Folha de S. Paulo


O melhor clube de jazz do mundo

Valentina Fraiz/Editoria de Arte/Folhapress

O melhor clube de jazz do mundo faz jus ao nome. Smalls é um pequeno e escuro porão no Greenwich Village, em Nova York, quase na esquina da 10th Street com a 7th Avenue, com capacidade para 60 pessoas –o número é fornecido pela casa, ainda que seja difícil imaginar tanta gente lá dentro. Um pedestre distraído pode passar pela calçada sem notar a porta estreita que se abre para uma escada ao subsolo.

O clube foi aberto em 1993, mas parece bem mais antigo, com seu teto baixo, paredes com tijolos aparentes e fotografias penduradas, cortinas mofadas por trás do palco e tapetes esgarçados no chão.
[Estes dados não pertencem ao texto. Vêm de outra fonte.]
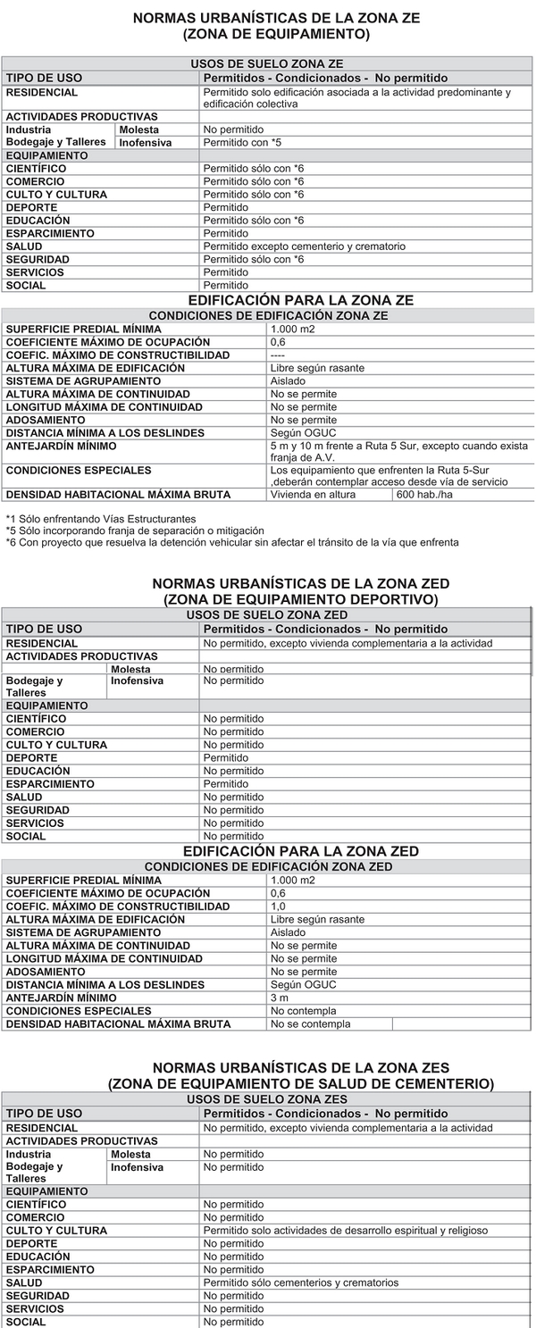 El Nº 1 del Decreto 546 Exento, M. de San Carlos, publicado el 05.12.2011, modifica la presente norma en el sentido de de Reemplazar la Nota *9 que dice "Para la zona comprendida entre los esteros Lurín y Lilahue la densidad máxima será de 100 hab/ha." por la siguiente:*9,"Para la zona comprendida entre los esteros Lurín y Lilahue la densidad máxima será de 120 hab/ha.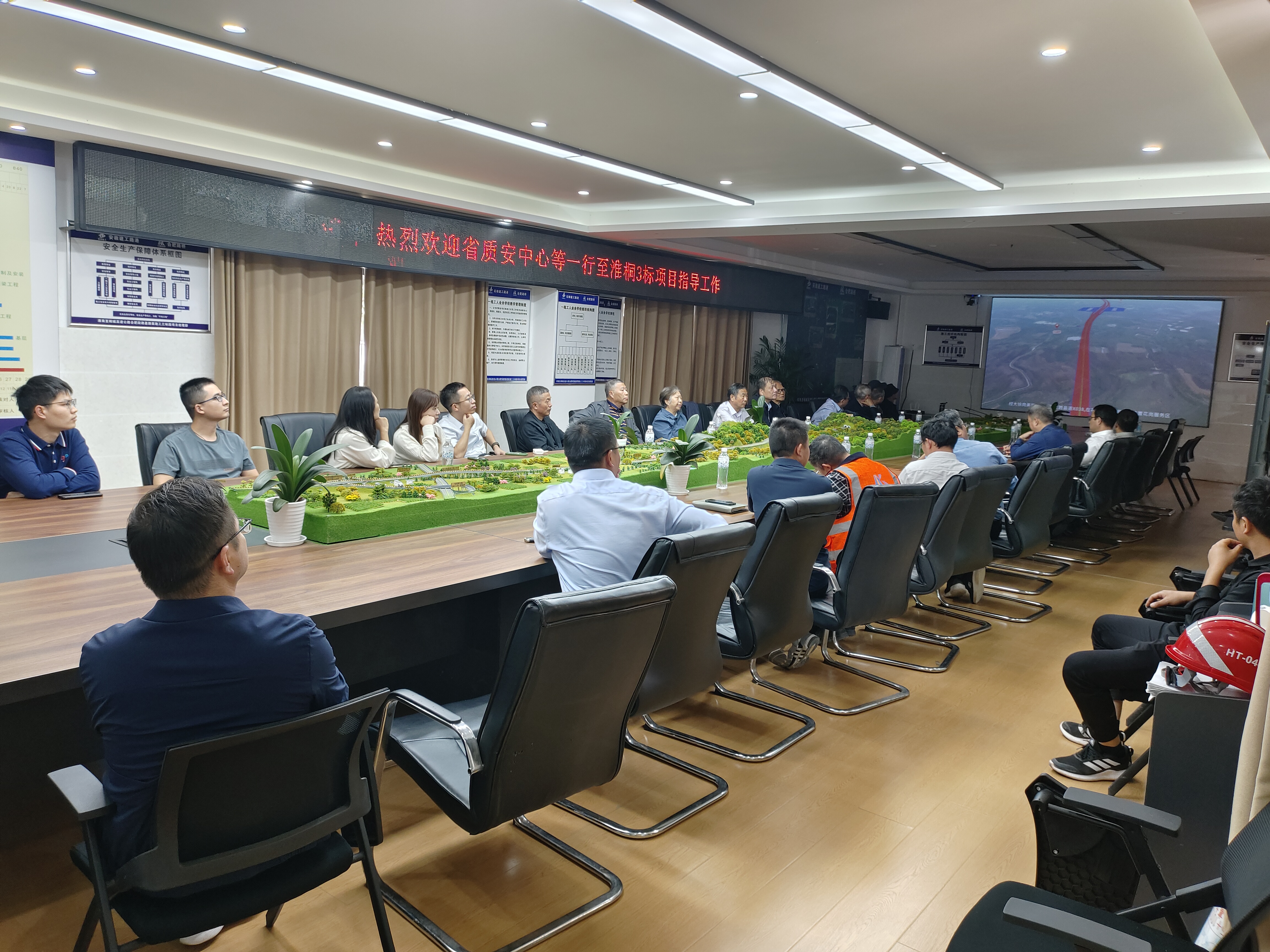 高學(xué)華一行首先參觀了紫蓬山隧道口施工現(xiàn)場(chǎng),聽(tīng)取了項(xiàng)目部關(guān)于隧道概況及當(dāng)前施工進(jìn)展匯報(bào),隨后在會(huì)議室觀看項(xiàng)目施工動(dòng)畫(huà)、航拍視頻并就當(dāng)前施工的重難點(diǎn)展開(kāi)了座談交流。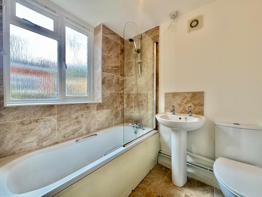 BathroomModern suite consisting of WC, basin, bath with shower attachment, tiled floor, heated towel rail, window to side aspect.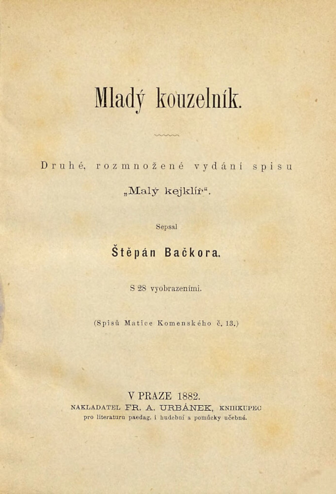 Kouzelníkem slove člověk, který provádí podivuhodné umělecké kousky s neobyčejnou obratností používaje k tomu elektřiny, magnetů, zvětšovacích skel i mnohých přístrojův. Mladý kouzelník touží, aby svými uměleckými kousky mladou společnosť pobavil, mimo to i trochu obdivu vzbudil a náklonnosť si získal. Jsou mnohé kousky umělecké, jimiž mládež v kruhu rodinném takměř bez obtíží a s nevelkými výlohami baviti se může.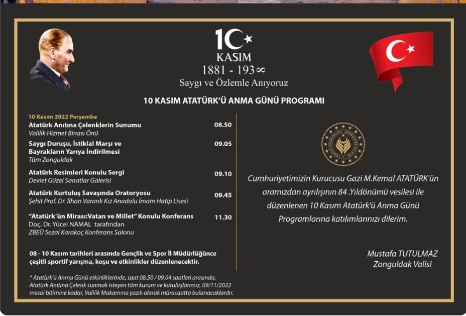 Türkiye Cumhuriyeti'nin kurucusu ulu önder Gazi Mustafa Kemal Atatürk'ün ölüm yıldönümü için hazırlanan tören programı açıklandı.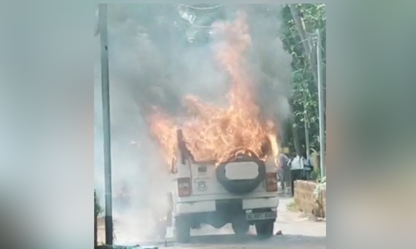 ഓട്ടത്തിനിടെ സ്കൂളിന്റെ ജീപ്പ് കത്തിനശിച്ചു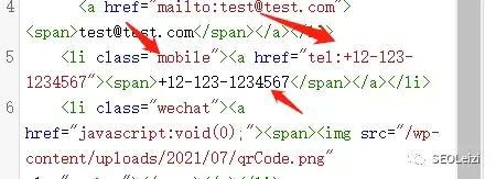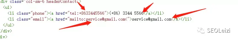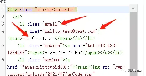 找到红色的”email“,再看向其后方的红色的”mailto:test@test.com“,以及黑色的”sales@test.com“,将红色的”mailto:“后方的邮件地址更改为你的邮箱,同时将黑色的邮箱地址也更改为你的邮件地址。(由于此处的内容是纯代码,因此在我们不懂代码的情况下,我们最好先将这些内容复制并粘贴到其他地方进行保存以免之后我们更改时发生错误无法还原之前的代码。)
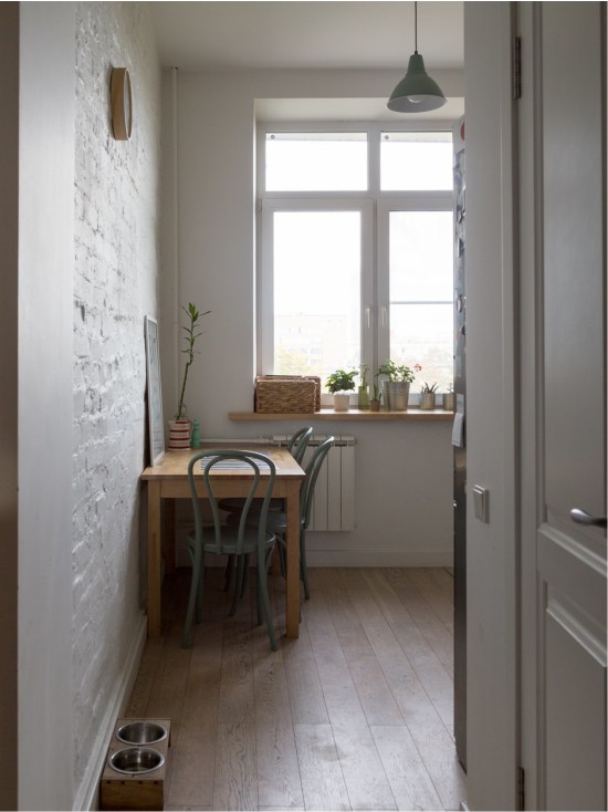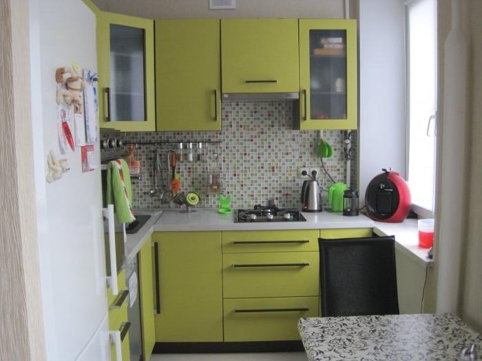La teinte verte du jeune feuillage est l'une des meilleures options pour l'intérieur d'une petite cuisine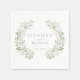 Visa elegans med våra varaktiga botaniska pappra bröllop-servetter, adorerade med en inkapslande vattenfärgsvit blomning som är sammanflätad med gröna löv och eukalytus löv. Personlig med namnen av bruden och brudgummen, lägger dessa klassiska blommigtar på blöjor till en utpräglad charm för den romantiska inställningen vår/sommar bröllop bord.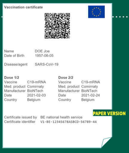 欧盟拟推出的新冠“绿色数字证书”纸质版本和电子版本。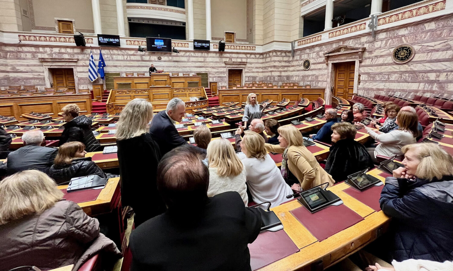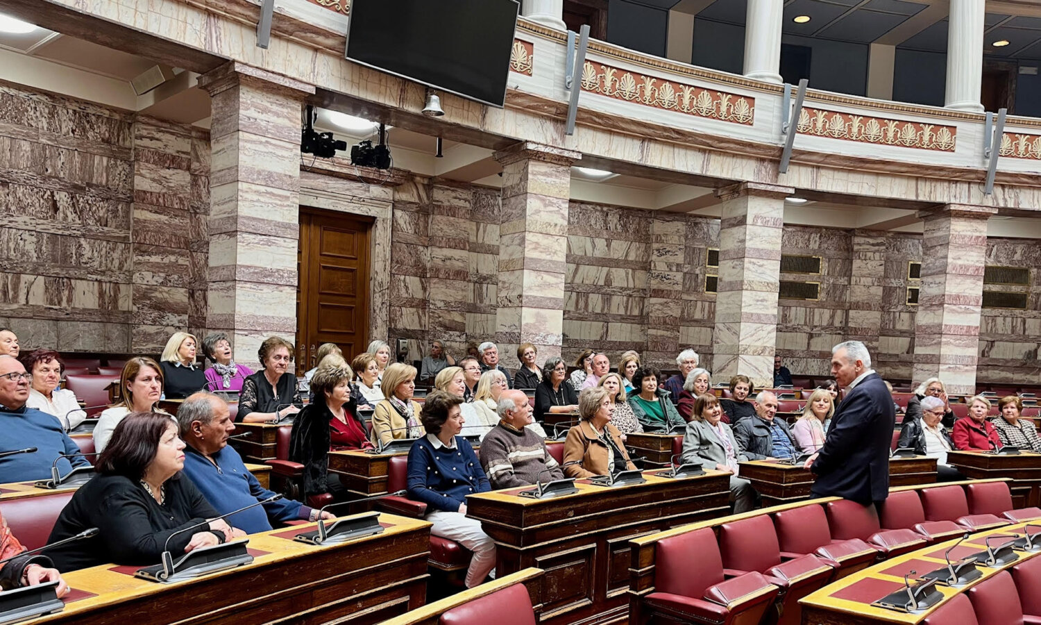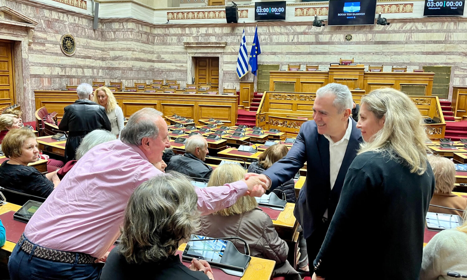 «Η επίσκεψή σας στη Βουλή κατά αγαθή συγκυρία συμπίπτει με την καταβολή του βοηθήματος των 250 ευρώ, ένα μόνιμο μέτρο που θα καταβάλλεται κάθε χρόνο τον Νοέμβριο σε 1,4 εκατομμύρια συνταξιούχους». Τα παραπάνω τόνισε ο Γενικός Γραμματέας της Κοινοβουλευτικής Ομάδας της Νέας Δημοκρατίας, βουλευτής Λαρίσης, κ. Μάξιμος Χαρακόπουλος, καλωσορίζοντας στο κοινοβούλιο 100 συνταξιούχους μέλη του 2ου και 3ου ΚΑΠΗ Λάρισας. Τους συνταξιούχους συνόδευαν οι κυρίες Κατερίνα Τακούσιου και Νίκη Κυριτσάκα.

A acústica é aveludada e não existe ambiente que ofereça maior intimidade entre um músico e quem o assiste. Há um espelho por trás do piano e outro num dos cantos superiores do palco a refletir a caixa da bateria.

É uma casa de tocadores de jazz. Depois de meia-noite, eles chegam de outros concertos carregando seus instrumentos e assistem ao show ou sobem ao palco. Não pagam ingresso. Em algumas noites, a impressão é a de que há mais instrumentistas que simples melômanos no lugar. Para muitos, o Smalls já é a meca de duas gerações de jazzistas da cidade.

Aqui há algo de juvenil, elétrico, beatnik e excessivamente masculino. A conversa nos intervalos é sobre a música que acabamos ou que vamos ouvir e, apesar da razoável carta de drinques, quase todo mundo bebe cerveja ou uísque. O público de "jazzheads" é formado por estudantes de boina, executivos com a gravata afrouxada, senhores de colete, nerds de gola rulê ou turistas da Flórida. Há sempre mais contrabaixos encostados na parede do que donzelas na plateia.

A programação é eclética: pianistas, trios, quintetos, formações de metais, big bands e toda sorte de combinação inusitada, o que inclui a partir da alta madrugada jams de músicos, consagrados ou não, que se conhecem no palco em improvisos que fazem avançar a escola de Nova York do bebop e do hard bop.

Ao contrário das outras casas do Village que chutam os clientes depois de cada set, você paga US$ 20 (R$ 48) no topo da escada ao dono do lugar, Mitch Borden, e fica até o fim de tudo –a depender da tarde/noite isso pode significar 6 ou 7 horas de jazz, com três diferentes formações e uma jam session no final. De madrugada, o preço cai e muitas vezes entrei de graça para tomar a saideira no balcão de oito lugares do Smalls.

O jazz é um estilo musical dado a estados de êxtase meditativo. Mas no Smalls o momento de satori (termo budista para iluminação) pode vir no meio de um solo profundo e denso de um saxofone barítono ou em circunstâncias mais banais. Como no caminho para o banheiro. O longo corredor não combina com o resto do lugar e parece saído de um filme do David Lynch. Em noites de casa cheia, reúne a fauna curiosa numa fila. Na última vez em que lá estive, um senhor careca de sobretudo cutucou o meu ombro e disse:

"Você parece cansado. Infinitamente cansado."

"É verdade. Eu estou exausto."

"Mas o cansaço é bom. Viva o cansaço. Abrace o cansaço."

O Smalls tem uma gravadora própria e, no seu site, vende os discos e transmite ao vivo os shows: smallsjazzclub.com. Caso você tenha a sorte de estar em Nova York, vá hoje mesmo para 183 West 10th Street.